There is talk of hotels that today would be operating with less than 50 percent of the necessary staff, and the same is experiencing an unprecedented labor exodus, in a sector where the clandestine traffic of vacancies even became commonplace.

The best-trained professionals in the industry could be emigrating right now to wherever they are hired, outside of Cuba, even in lower-level jobs. Personally, I have heard of excellent chefs who have accepted positions as kitchen assistants in the Dominican Republic and Cancun, of tourist entertainers who have definitely left to do their job where they are not forced, as an extra, to offer sexual services. or to depend exclusively on tips to survive.

So soon the problem will not be reduced to the fact that tourists do not arrive in the expected quantity, but rather that the regime will not have quality personnel to attend to the few who risk spending a few days in this great “theme park” of boredom. .

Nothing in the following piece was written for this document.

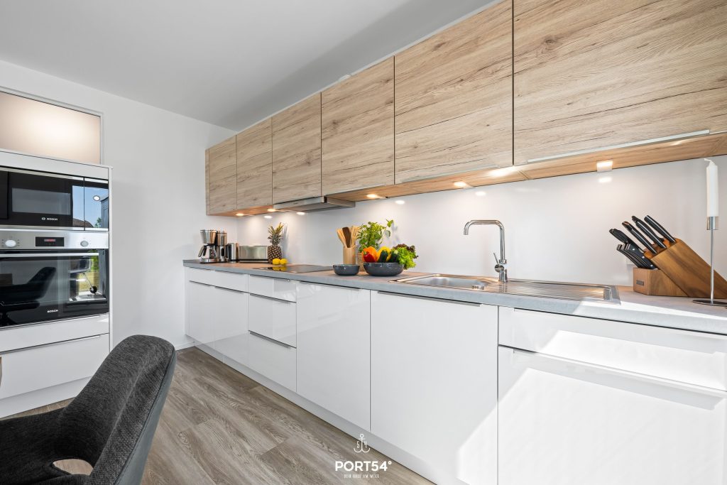 Die voll ausgestattete Küche lässt gemütliche gemeinsame Kochabende im Urlaub zu einem echten Erlebnis werden. Hier steht Dir unter anderem ein Raclettegrill zur Verfügung. In einem der beiden Schlafzimmer findest Du ein Doppelbett (180×200 cm) sowie einen TV, im anderen stehen Dir zwei Einzelbetten (100×200 cm) und ebenfalls ein TV zur Verfügung. Beide Schlafzimmer bieten Dir für eine erholsame Nachtruhe Verdunkelungsmöglichkeiten und jeweils einen Kleiderschrank.

With a perpetual shortage of supplies that complicates existence, a gastronomy that is not very varied, nothing surprising, with hyperinflation, with a schizoid monetary policy, without real shopping centers, without cheap and reliable public transport or roads in good condition, with apartheid between “offers for Cubans” and “promos for foreigners”, in short, without entertainment and services in all the variety necessary to be such, one would have to be extremely bored, oblivious to other travel experiences around the world, to find true pleasure in walk thirsty through broken and dirty streets, under stinking buildings about to collapse, among poorly dressed people, exhausted by hunger and heat, among empty slogans and signs that “there is no”, “it’s over”, ” do not disturb”, “danger”, “collapse”, “national currency is not accepted”, “long live the CDRs”.